Figures 3 and 4 show the results of the disruption on HIV related deaths. Our predicted disruption in the HIV services in the ‘No Action’ scenario mainly results from the health system experiencing a period of ’Extremely High’ demand which leads to some persons having their ART interrupted and thus an immediate increase in AIDS deaths. There remains an elevation in AIDS deaths after the period of disruption due to a combination of factors: some of those with their ART interrupted will have progressed to AIDS in that time and die later (despite ART being reinitiated); others that should have been initiated on ART will have been delayed on ART and progressed to a point where the ART gives less favourable survival outcomes; and, there is a substantial increase in HIV incidence during the disruption (due to reduced VMMC, condom use, and viral suppression) which will translate into additional AIDS deaths in later years. As a result, a substantial part of the impact on HIV will occur in the years following the disruption and the consequences of increases in new infections would continue for decades.

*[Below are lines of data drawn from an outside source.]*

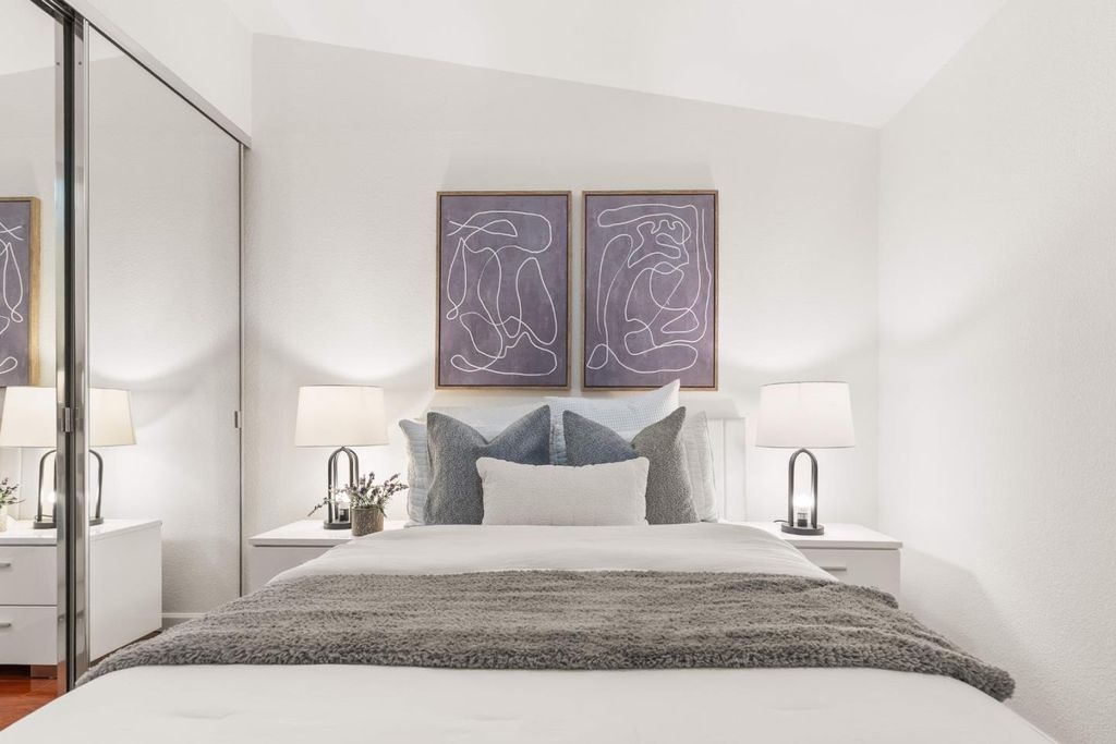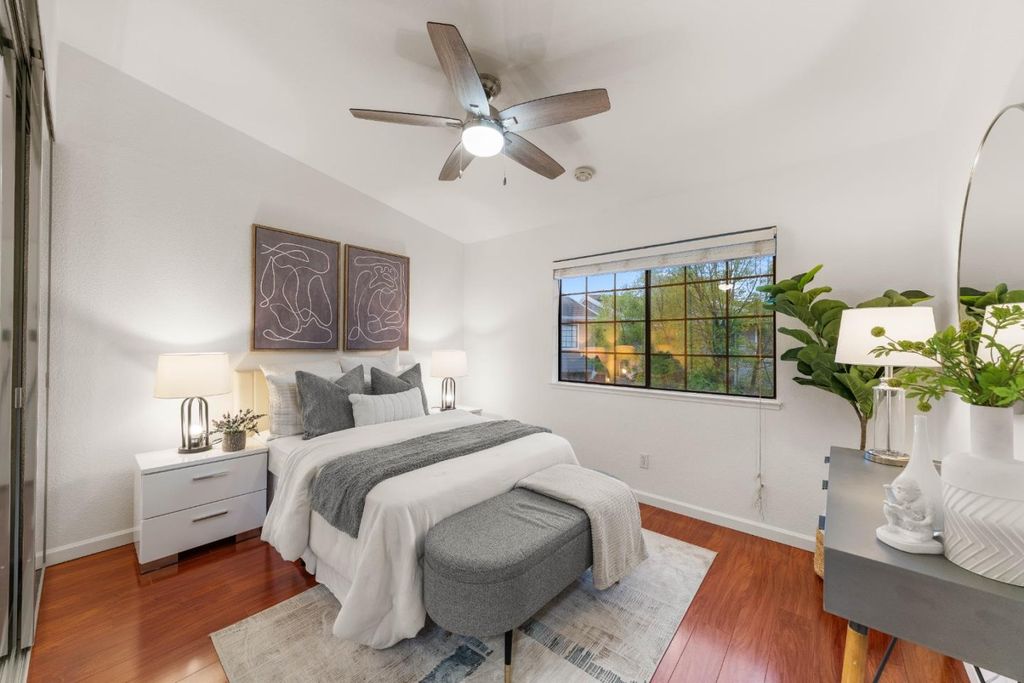 Situated in prime San Jose within the sought-after Cupertino school district, this top-floor 2-bedroom, 2.5-bath condo in Saratoga Place offers comfort and convenience. Located within Lynbrook High boundaries, this home is perfect for families seeking a top-rated school district. The 1,044 SF home features a bright living room with large windows and a private balcony. The updated kitchen includes granite countertops, stainless steel appliances, tile flooring, and a reverse osmosis system. Both bedrooms feature custom closet organizers and ceiling fans. Each room has its own radiant heating system. The bathrooms feature updated granite vanities. Additional amenities include recessed lighting, ample storage, a detached 1-car garage, in-unit laundry, and a community pool, spa, and well-maintained common areas. With no rear neighbors, enjoy privacy and serene views. Conveniently within walking distance to HMart, Cash and Carry, preschools, children's enrichment programs, and other shops, this condo provides unmatched convenience. It's also a short drive to major tech companies like Apple, Nvidia, Meta, and Google, with easy access to Hwy 85, 280, and 101. This home offers both a prime location and comfortable lifestyle in the heart of Silicon Valley.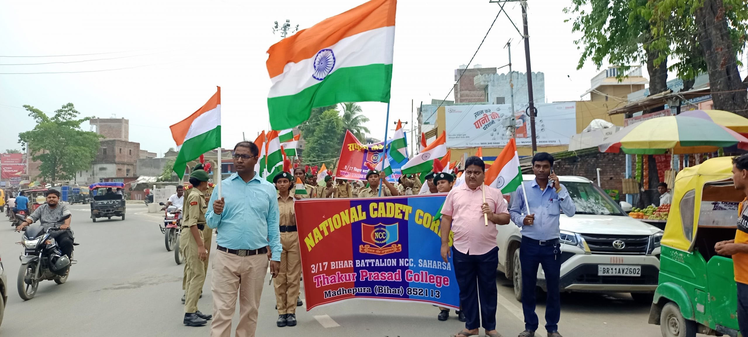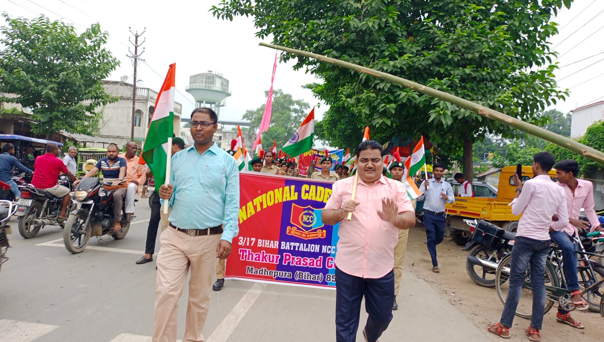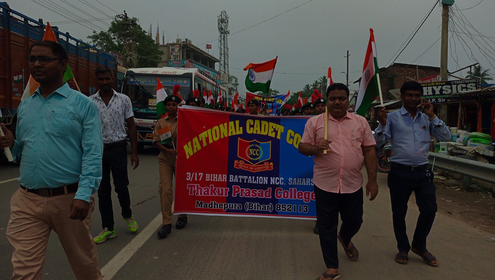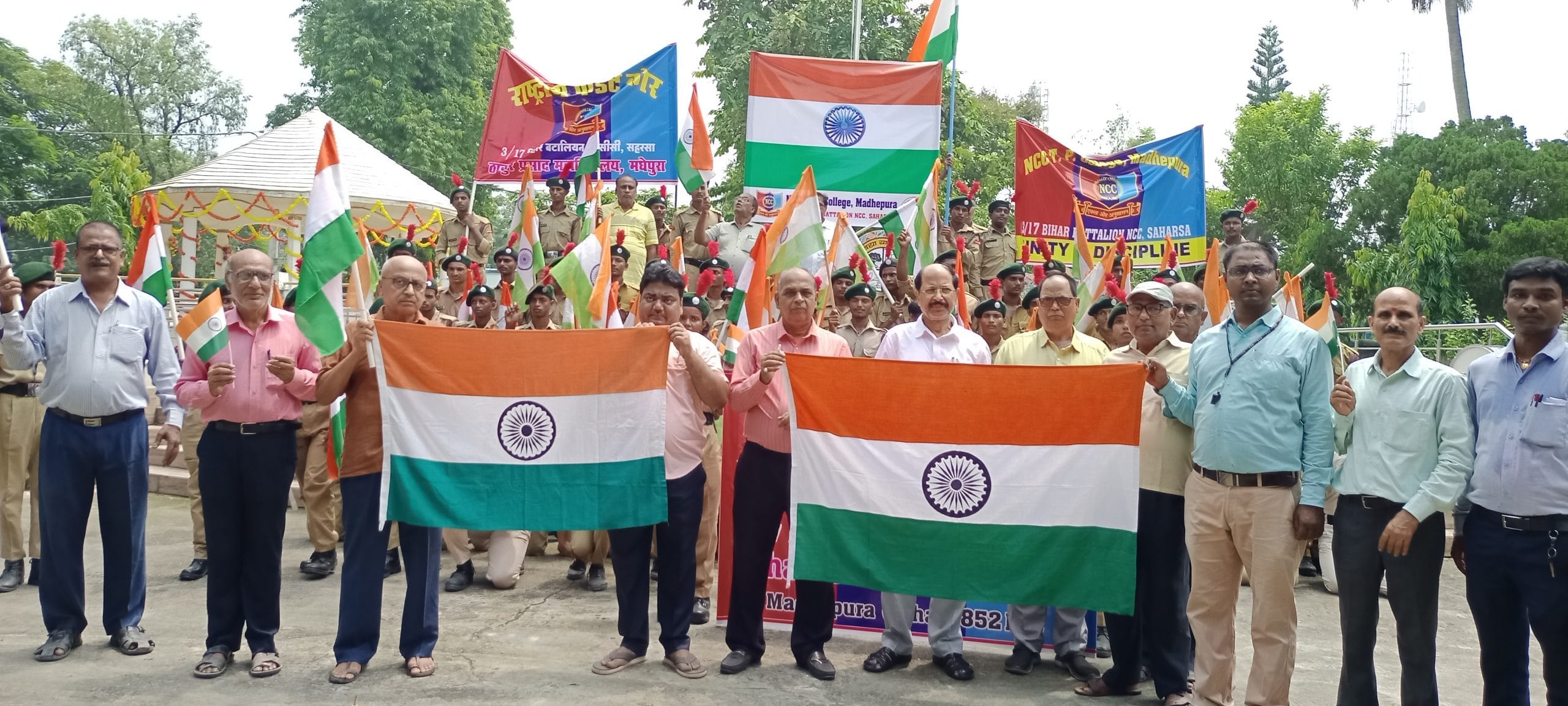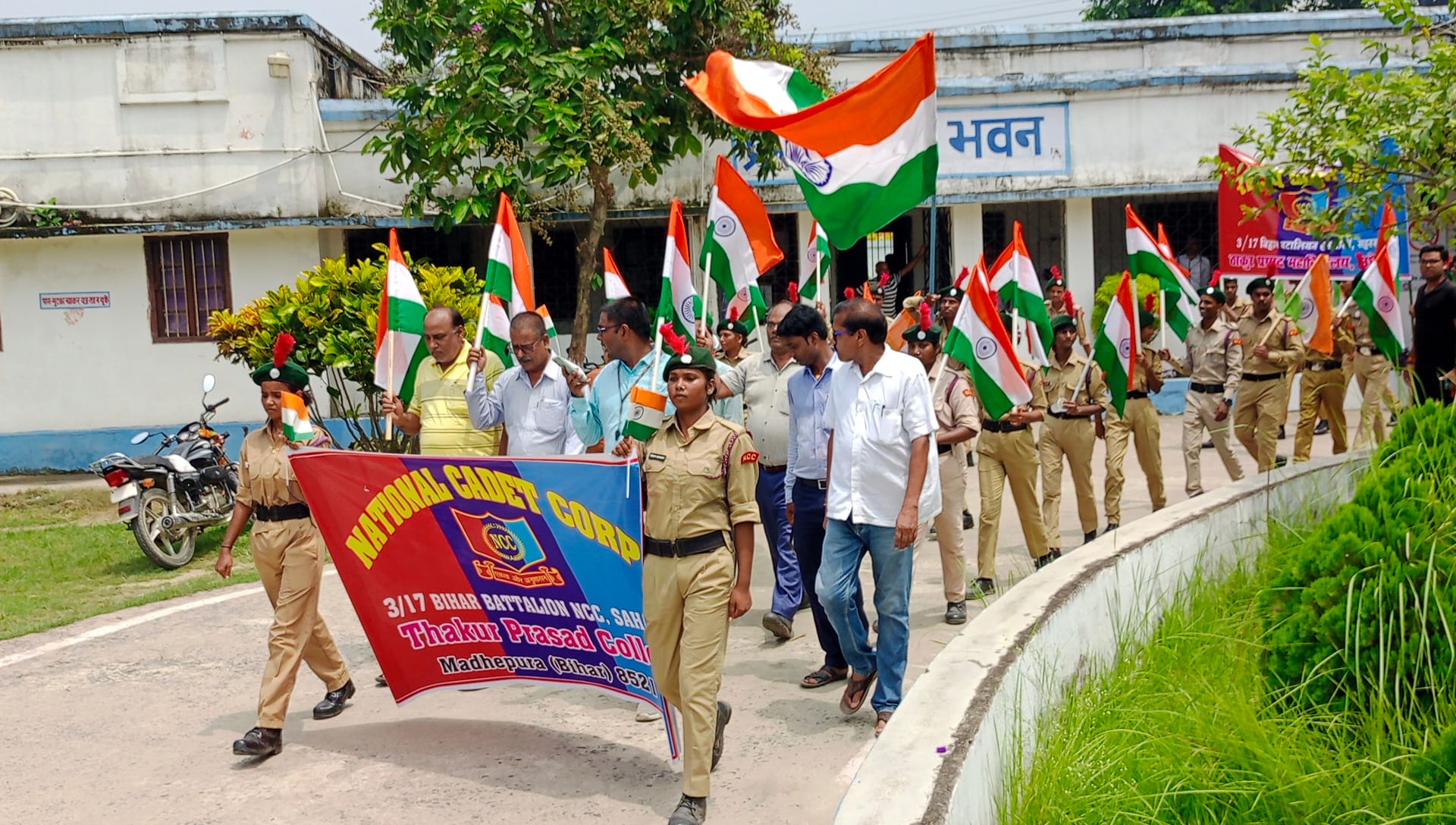 यह बात बीएनएमयू, मधेपुरा के कुलपति प्रो. बी. एस. झा ने कही। वे मंगलवार को तिरंगा रैली में शामिल जनसमूह को संबोधित कर रहे थे। कार्यक्रम का आयोजन ठाकुर प्रसाद महाविद्यालय, मधेपुरा के राष्ट्रीय कैडेट कोर (एनसीसी) एवं राष्ट्रीय सेवा योजना (एनएसएस) के संयुक्त तत्वावधान में किया गया।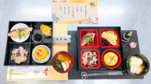 左から(下段)お赤飯、紅白なます、お雑煮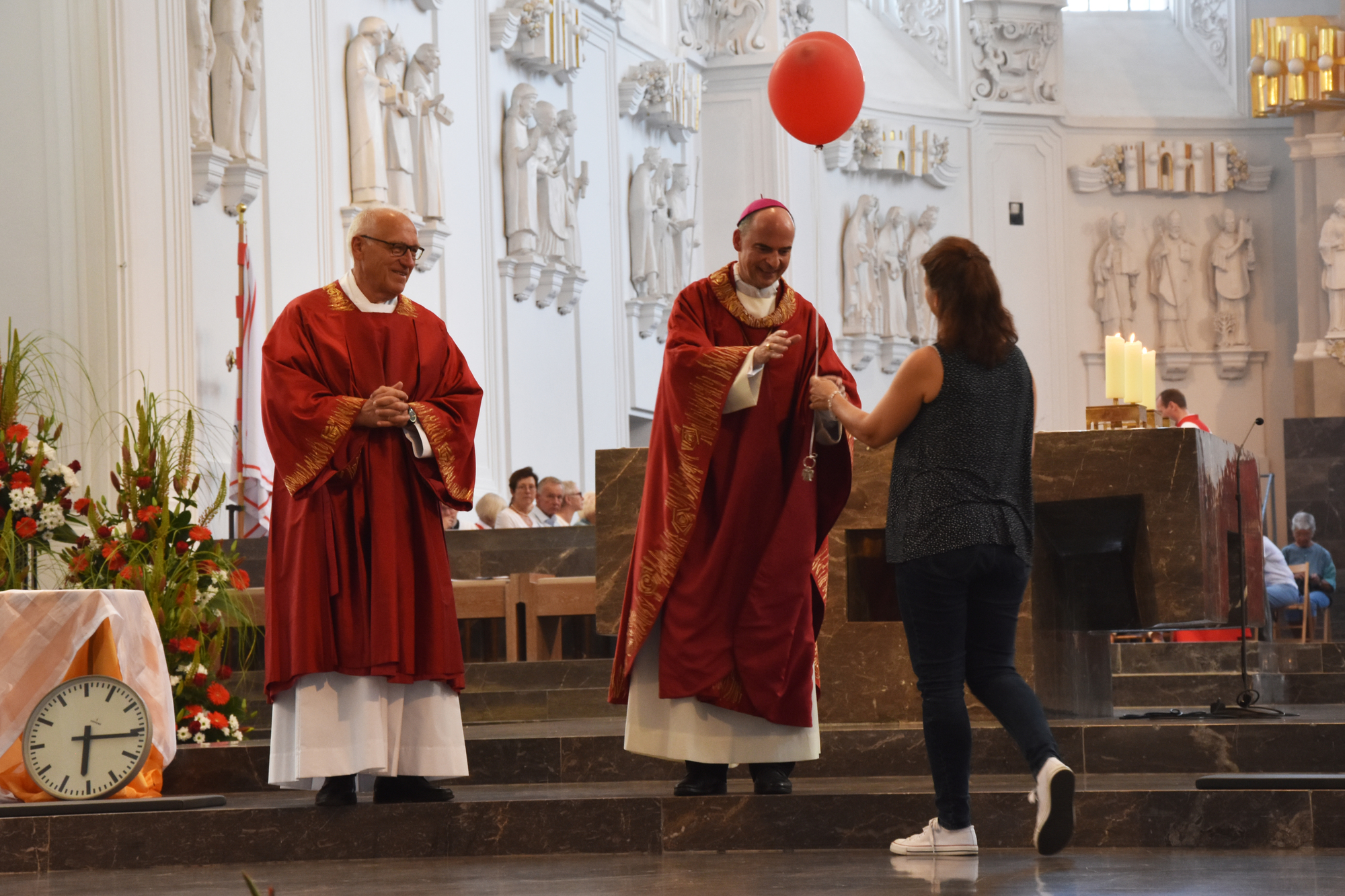 Ein Anspiel zu Beginn des Gottesdienstes; eine Gabenprozession mit großen Symbolen – Schlüssel, Teddybär und Uhr –, die zeigen, wie sich Menschen bei der Caritas beruflich und ehrenamtlich für andere engagieren: Sie öffnen Türen, spenden Trost, nehmen sich Zeit. Beim Vortragen besinnlicher Texte zum Kyrie und nachdenklich stimmender Fürbitten, mit Lektoren- und Ministrantendienst: Viele bringen sich in den Gottesdienst ein. Der Bischof lobt ausdrücklich den kleinen Chor der Caritas und lädt am Ende der Feier die Anwesenden zum Einzelsegen am Reliquienschrein der Frankenapostel ein.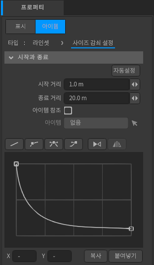 감쇠 설정에 관한 설정을 하는 계층입니다. 커브를 사용하여 직관적으로 라인의 굵기나 불투명도의 감쇠를 설정할 수 있습니다.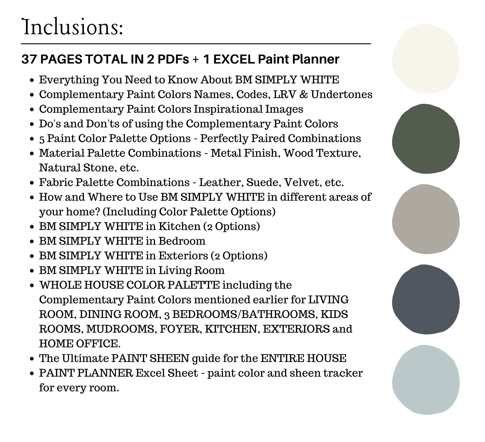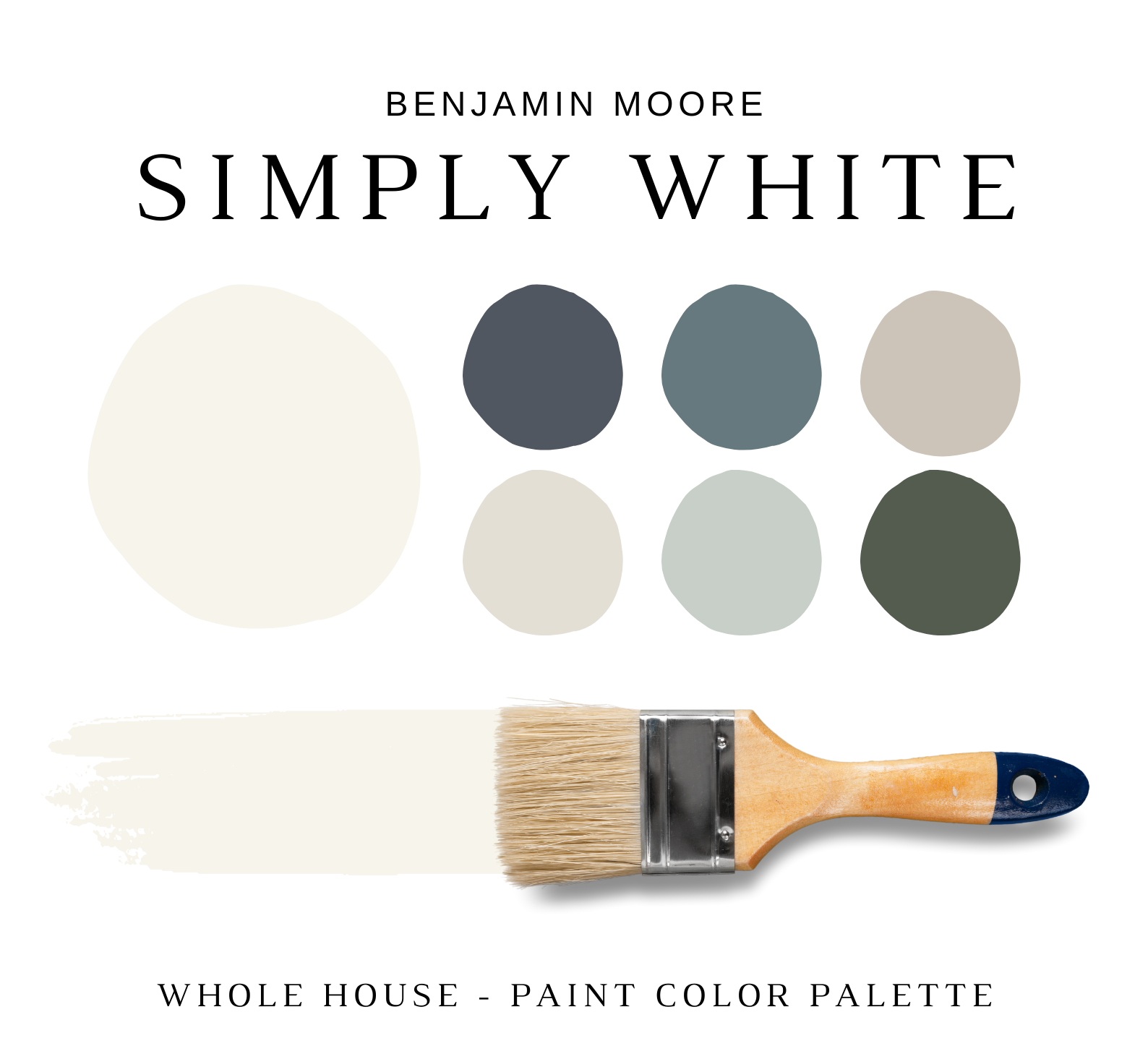 The PDF contains EVERYTHING you need to KNOW about Benjamin Moore SIMPLY WHITE! It includes a list of complementary Benjamin Moore Paint Colors that can be used to pair with BM SIMPLY WHITE. This is a PREPACKAGED Color Palette Selection Listing that includes the Benjamin Moore SIMPLY WHITE color recommendations for walls, ceilings, trims, moldings, doors, and window frames – for your WHOLE HOUSE.

Under the ‘Mitigation’ scenario we predict a much lesser impact because there is no period of‘Extremely High’ demand on the health-system and so the worst outcomes of ART interruptions are avoided. In addition, during the period of ‘Mitigation’ interventions, the rate of new HIV infections does not increase substantially, despite there being no VMMC or PrEP services at that time, due to there being fewer contacts outside the home. There may however be differential changes to risks for key populations (e.g. female sex workers) that are not fully explored here.

The impact of the ‘Suppression-Lift’ scenario is predicted to be slightly greater than in the ‘No Action’scenario, due to the additional disruptions during those ‘Suppression’ interventions that see more persons have unsuppressed viral loads and slightly fewer people initiate treatment. In the calendar year 2020, fewer deaths happen than in the ‘No Action’ scenario as the major health service occur later in the year and have effect in 2021.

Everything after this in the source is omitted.